So what's the point in opening one of these term accounts if it's going to earn less than the normal Rabo deposit account?


----------



## ShaneMc (2 Jul 2008)

annR said:


> So what's the point in opening one of these term accounts if it's going to earn less than the normal Rabo deposit account?


 
The rate on this is 5.25% per annum and the rate on the savings account is 4.3% per annum. So for 6 months on this you will get 2.625% and for 6 months on the savings account you get 2.15%


----------



## ClubMan (2 Jul 2008)

annR said:


> So what's the point in opening one of these term accounts if it's going to earn less than the normal Rabo deposit account?


Your comparison is not valid. You have to compare like with like - see this post for example.


----------



## adox (7 Jul 2008)

If I move  a lump sum from my regular Rabo savings account to this new fixed term account, will I still get the interest earned in the first 6 months of this year from the original savings account?

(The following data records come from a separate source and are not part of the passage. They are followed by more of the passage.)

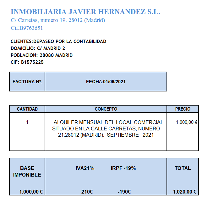 Esta factura nos la emitirá el propietario del local (arrendador), si os fijáis en la misma, el precio que deberíamos pagar de alquiler seria 1000€ + 210€ IVA=1210€, pero en realidad al arrendador le estamos abonando la cuantía de 1020€.
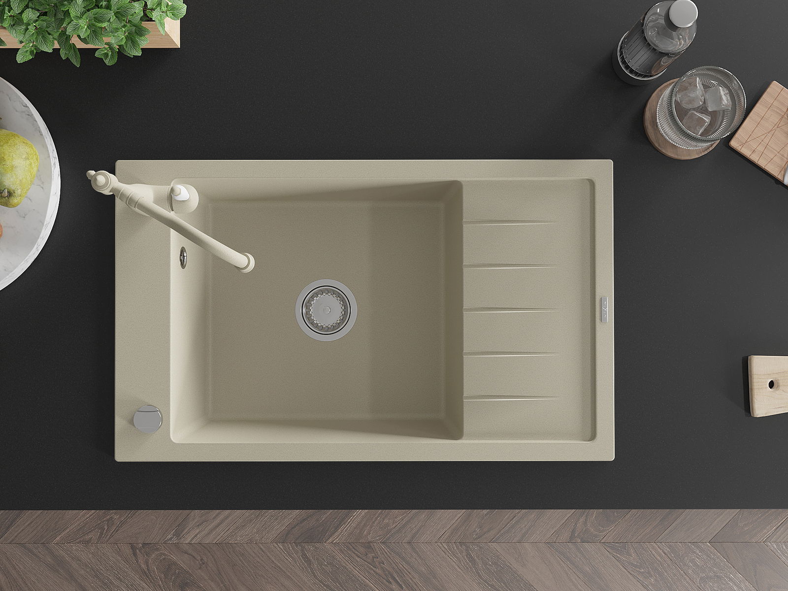 Dřez byl vyroben z vysoce kvalitního granitu. Představuje elegantní a především praktický doplněk každé kuchyně, bez ohledu na její styl. Vysoká kvalita a trvanlivost granitu zajišťují dlouholeté používání.
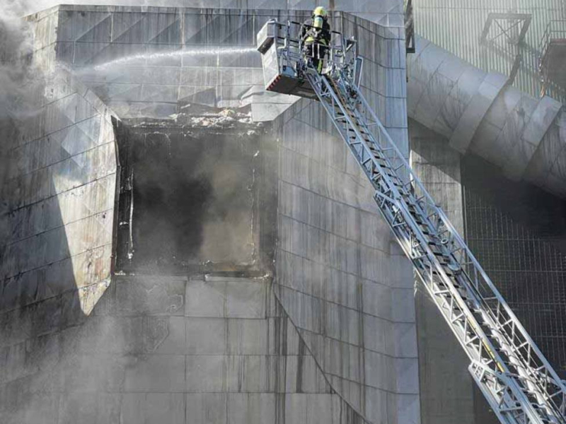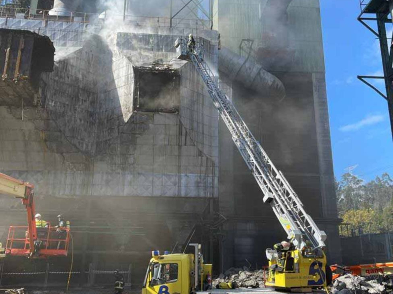 El incendio afecta, en la fachada, a la estructura de revestimiento aislante que se encuentra entre la parte interior de un silo de cenizas y la parte exterior del mismo.

Interest is calculated at the end of the calender year, so for example if I had a balance of 10k in my regular savings and moved 8k to the fixed term in July will I still get 6 months interest on a balance of 10k, even though my balance on the account at the end of the year will show 2k?


Thanks.


----------



## declanh (7 Jul 2008)

adox,
   Rabo's "Savings FAQ" says:
 You receive interest from the same day as the clearing processing *date money is deposited*. If you withdraw money, you receive interest right up until your money leaves your account.


----------



## adox (7 Jul 2008)

declanh said:


> adox,
> Rabo's "Savings FAQ" says:
> You receive interest from the same day as the clearing processing *date money is deposited*. If you withdraw money, you receive interest right up until your money leaves your account.




Thanks a lot Declan.

I did try looking on their site but obviously not hard enough.


Thanks again for the help.


----------